Essentially, a number in the sequence is given by the sum of the previous 2 numbers.

In more formal mathematical terms, you can define the sequence as:

F1 = F2 = 1
Fn = F(n-1) + F(n-2)

Few things to notice:

  • The sequence is infinite (it would be impossible to store it in a list without an upper limit).
  • It is made by positive integers.

So, how do we write some JavaScript code that allows us to iterate over this sequence and calculate an arbitrary number of elements?

Well, there are many ways…

Functions

In JavaScript, functions are first class citizens and most patterns can be modeled with the use of only plain functions. This will become natural once you master the concepts of function scope, anonymous functions and nested functions.

So, how can we build a fibonacci sequence by using only functions?

Here’s an example:

const genFib = (max = Number.MAX_SAFE_INTEGER) => {
  // initialize default values in the scope
  let n1 = 0
  let n2 = 0

  // returns an anonymous function that will return the next element
  // every time that it is called
  return () => {
    // calculates the next value
    const nextVal = n2 === 0 ? 1 : n1 + n2

    // redefines n1 and n2 to match new values
    const prevVal = n2
    n2 = nextVal
    n1 = prevVal

    // if we reached the upper bound return null (iteration completed)
    if (nextVal >= max) {
      return null
    }

    // return the new value
    return nextVal
  }
}

I added some comments to make the code easy to understand, but let’s go through it once more.

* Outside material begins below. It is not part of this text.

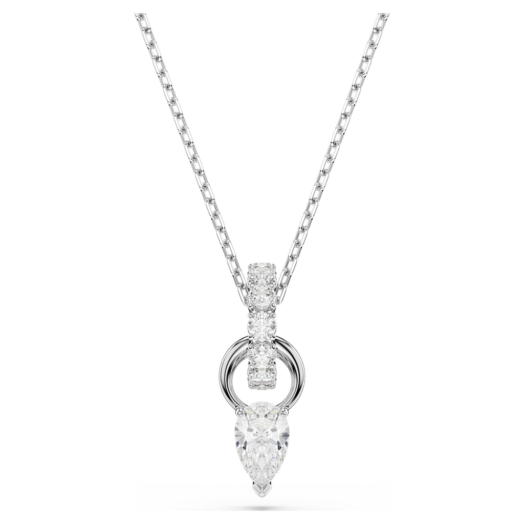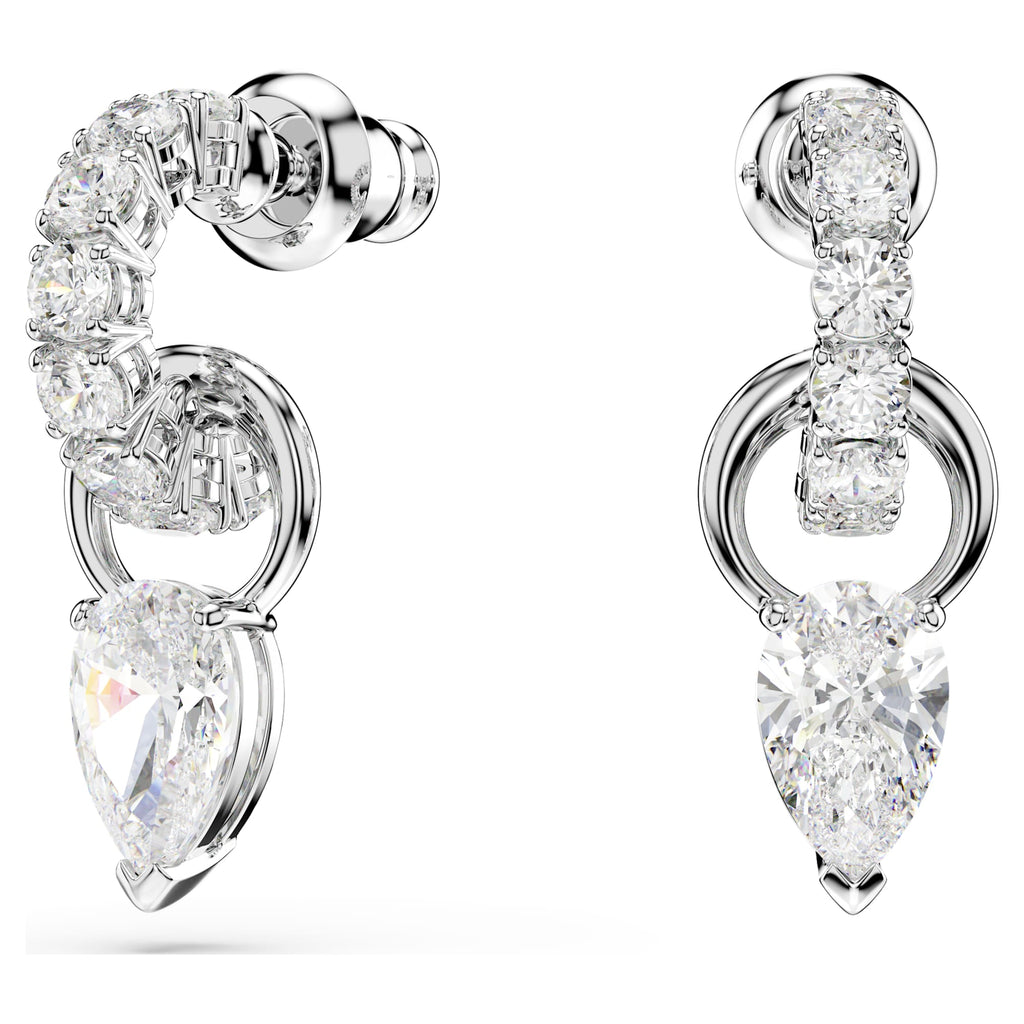 Give your style a coordinated look of radiance with this pendant and earrings set. Each shimmering motif features a pear-cut Swarovski Zirconia on a small hoop, which is connected to another rhodium plated hoop embellished with round-cut Swarovski Zirconia. On the pendant, a sliding mechanism on the chain allows for an easy length adjustment.

  1. genFib is a function that accepts an optional parameter, which is the upper bound used to define when to stop computing elements in the sequence. JavaScript numbers starts to lose precision after Number.MAX_SAFE_INTEGER, so this is a sensible default.
  2. The first thing that happens in the function is initializing the function scope. n1 and n2 are the only two values that we need to compute an element of the sequence. They represent the last 2 numbers computed. We set them to 0 by default.
  3. At this point the function returns an anonymous function. This function can be invoked an arbitrary number of times and every time it will compute and return a new element in the sequence, making sure the internal state is updated accordingly.

Notice that genFib will initizalize a new isolated scope containing n1 and n2. These values will be accessible (and modifiable) only by the anonymous function returned by genFib. This means that you can generate multiple “iterators” and everyone of them will be independent from each other.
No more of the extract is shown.